§ **Source material**

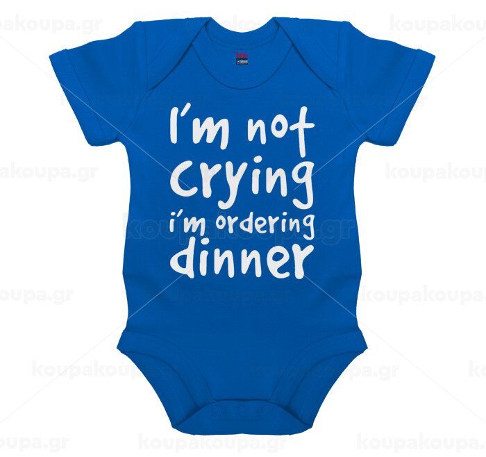 I'm Not Crying I'm Ordering Dinner, Βρεφικό φορμάκι μωρού, Μπλε Κοβαλτίου, 100% Organic Cotton, κοντομάνικο
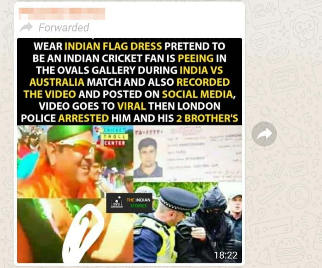 A poster shared on social media claimed that a Pakistani man masquerading as an Indian cricket fan was urinating at The Oval, London, during the India vs Australia game. A collage of photographs, where a man dressed in the Indian tricolour can be seen, was also shared along with the poster. The text reads, “Farid Khan, this man from Pakistan wear Indian flag dress pretend to be an Indian cricket fan is peeing in The Oval gallery during India v/s Australia match and also recorded the video and posted on social media, video goes to viral then London police arrested him and his 2 brothers. Such a shameful act by Pakistani citizen”. It suggested that a Pakistani citizen attempted to tarnish India’s image by pretending to be an Indian fan who indulged in the obscenity.
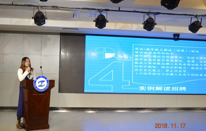 校友章婉清根据自己的求职经历,提醒毕业生要尽早规划个人求职,找准个人就业方向并进行准确定位,结合求职岗位,提高自己的各项能力;同时她针对数学专业在“教育机构”和“全日制学校”的求职过程中,重点讲述两种不同的面试流程。最后强调成功求职必须做到周全准备、礼貌礼仪、良好心态、机会机遇。
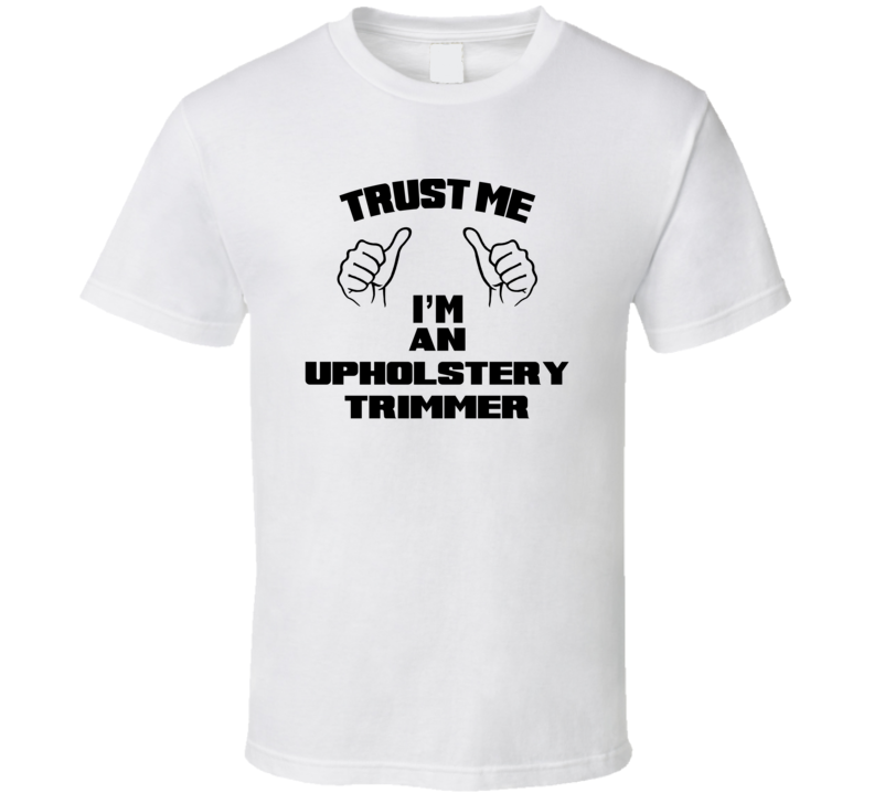 Order your very own Trust Me Im An Upholstery Trimmer Job Title Funny T Shirt. It won’t be around forever so buy yours here today! Shop our huge selection of high quality, graphic apparel. Each design is offered on a variety of sizes and styles including; t shirts, hoodies, aprons and even baby one-pieces! This product is pre-treated to ensure quality and longevity of the graphic.

§ **Your objective**
What is needed is an exact transcription of the lines from the one holding "校友章婉清根据自己的求职经历" to the end of the data, with every picture left out.

§ **Answer space**
 校友章婉清根据自己的求职经历,提醒毕业生要尽早规划个人求职,找准个人就业方向并进行准确定位,结合求职岗位,提高自己的各项能力;同时她针对数学专业在“教育机构”和“全日制学校”的求职过程中,重点讲述两种不同的面试流程。最后强调成功求职必须做到周全准备、礼貌礼仪、良好心态、机会机遇。
 Order your very own Trust Me Im An Upholstery Trimmer Job Title Funny T Shirt. It won’t be around forever so buy yours here today! Shop our huge selection of high quality, graphic apparel. Each design is offered on a variety of sizes and styles including; t shirts, hoodies, aprons and even baby one-pieces! This product is pre-treated to ensure quality and longevity of the graphic.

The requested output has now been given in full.